I got a chance to talk to Haim in New York City and instantly fell in love with these three California girls who charmed my socks off without breaking a sweat.
The Haim sisters are from a very close-knit, musical family that doesn’t seem to have the usual sibling rivalries and petty disputes—especially when you consider how much time they spend together. Also, most musical acts with siblings or teenagers are cloying and contrived but Haim come off as genuine and un-manufactured which seems to have caught the attention of its growing legion of fans as well as cynical, jaded music journalists like me.
And I’m not the only one who has noticed. The girls just made the BBC’s Sound of 2013 list—voted on by UK music writers and industry insiders who are all asked to name their three favorite artists.
And when I say Este (bass), Danielle (vocals, lead guitar) and Alana (guitar, keyboard) come from a musical family I don’t mean their parents liked music and there were a couple of old guitars laying around the house. Their father put drumsticks in their hands when they were only 3 months old and they all can play the drums.
“On weekends it was all practicing. We called it ‘Haim-time.’ Saturday and Sunday. We couldn’t hang out with our friends,” Este recounts. “We had a super-close family and our dad was, like, ‘Why would you want to hang out with your friends when you have sisters. Why would you leave when you have sisters to hang out with in the house?’”
And they played together—and not just in the living room. With dad on drums, mom on guitar and the sisters playing everything else they started touring with their family band, Rockinhaim, when Alana (the youngest) was only four and kept at it for almost 15 years.
“We performed about once a month. Our first show was at Canter’s deli,” Alana says. “We played all covers—songs our parents loved . . . like the Eagles.”
In the five years since their split from the family (which Danielle jokingly describes as “amicable”) the Haim sisters spent some time apart—Este graduated from UCLA and Danielle toured with Julian Casablancas from The Strokes—but in 2010 they came back together to record their first EP, Forever, which they released as a free Internet last year. Haim’s major label debut on Columbia is scheduled for a spring release.
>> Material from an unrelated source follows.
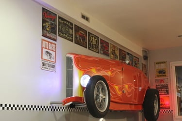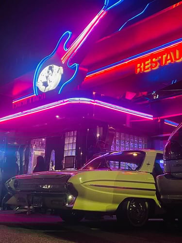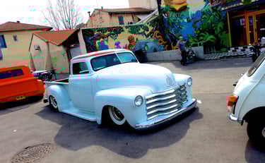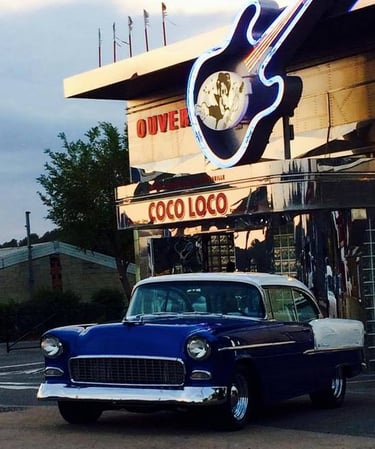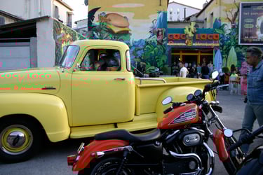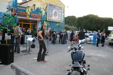 Un décor unique : fresque géante, morceaux de " belles américaines " aux murs et... sur le parking !
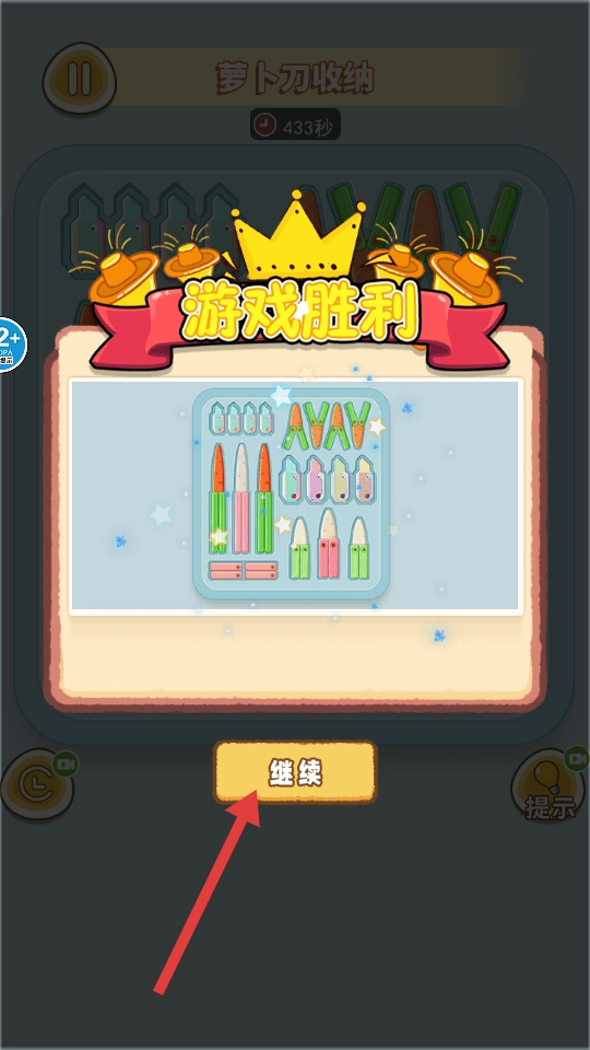 完成萝卜刀收纳任务后,界面会显示【游戏胜利】,点击【继续】按钮就能进入下一个相关关卡或环节。

“We just started writing our own songs and we found out that it was really fun,” Danielle says. “We’d never really tried it before because we had this band with our parents and we were playing all these cover songs that we just grew up to love.”
The Big Score
The video for the band’s first single, “Don’t Save Me,” alternates between the Haim sisters performing the song and playing a three-on-three basketball game on a darkened court with three huge guys who can dunk and aren’t afraid to throw a few dirty elbows. Hilarity—and a bloody nose or two—ensue. Trying to decipher the latest video invariably leads us to wonder if mind-altering substances were involved, but the girls of Haim claim to not indulge, although they don’t hesitate to state their support for legalization. “I pass on grass . . . I pass it to my friends. I’m diabetic and it just makes me get the munchies so I can’t do it,” Este says. “It’s fine though,” Danielle says. “It’s a plant. It comes from the ground. If you’re responsible. Do it.”